ARTICLE IX SECTION 1.LEGISLATURE TO ESTABLISH SYSTEM OF FREE SCHOOLS. The stability of a republican form of government depending mainly upon the intelligence of the people, it shall be the duty of the legislature of Idaho, to establish and maintain a general, uniform and thorough system of public, free common schools.

Most elementary education in our country has been funded with tax dollars. Until the 1950’s most health care was private pay, then the work-based health insurance benefit took hold, then Medicare and Medicaid happened in the 1960’s and now health care is >50% government funded. But I wonder if the principles are the same.

In health care economics I was taught that you could look at three competing aspects to the system: Access, Cost, and Quality. Better quality will cost more. If we increase access (or choice, an aspect of access) then cost goes up. If we lower cost, both access and quality will suffer. You can’t have it all, low cost, high quality and unlimited access.

Charter schools increase choice for parents and students. In principle, I support this. Our town has excellent charter schools that are thriving and popular.  You need to understand that charter schools are publicly funded. They get tax dollars from the district where they are based. But funding this choice is a problem. Let me explain. We recently passed a bill to remove the cap on charter schools in the state. By removing the cap our state will be eligible for more federal education grants. We can only have 6 new charter schools per year in the state and only 1 per district. The sponsor passed out a handout to show that the costs of charter schools were comparable to regular schools. I immediately went to my town:

Moscow School District   $4300  Elementary State Revenues per Average Daily Attendance(what the state pays to the district for an elementary kid to be taught each year.)

Charter A                             $5600

Charter B                             $6300

So the larger Moscow District School gets paid less per student then the smaller charter schools.

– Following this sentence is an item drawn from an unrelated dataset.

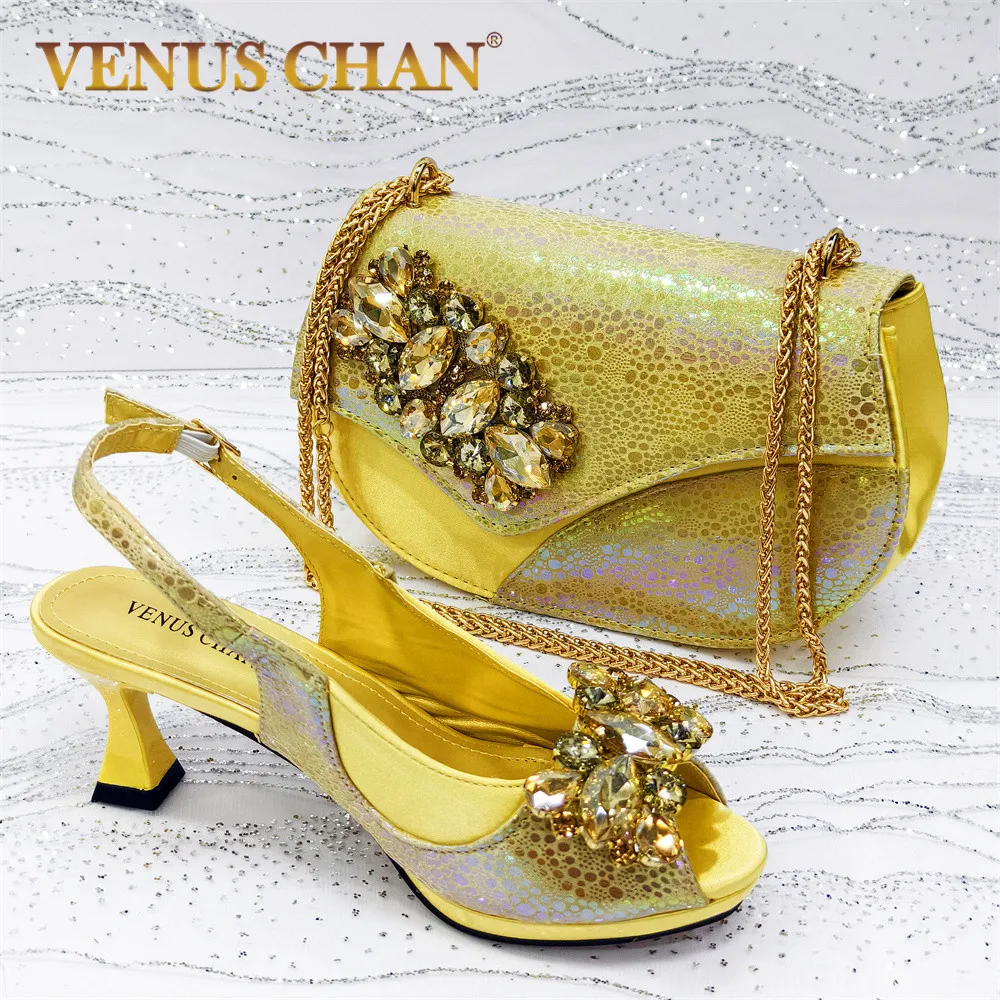 2025 Women's Elegant Yellow High Heel Shoe and Matching Bag Set with Rhinestone Accents – Stylish Square Toe Design for Parties

I can understand this. There are economies of scale. The most expensive school in the state( a rural public school) gets $19k/ student, but they only have six kids.

Remember, the money for the two charter schools in Moscow comes from the Moscow School District budget. Each kid that moves from the main school to the charter takes with her more than she was getting to cover her costs in the district. So the money shifts from the district to the charters. We have more choice and it costs more overall.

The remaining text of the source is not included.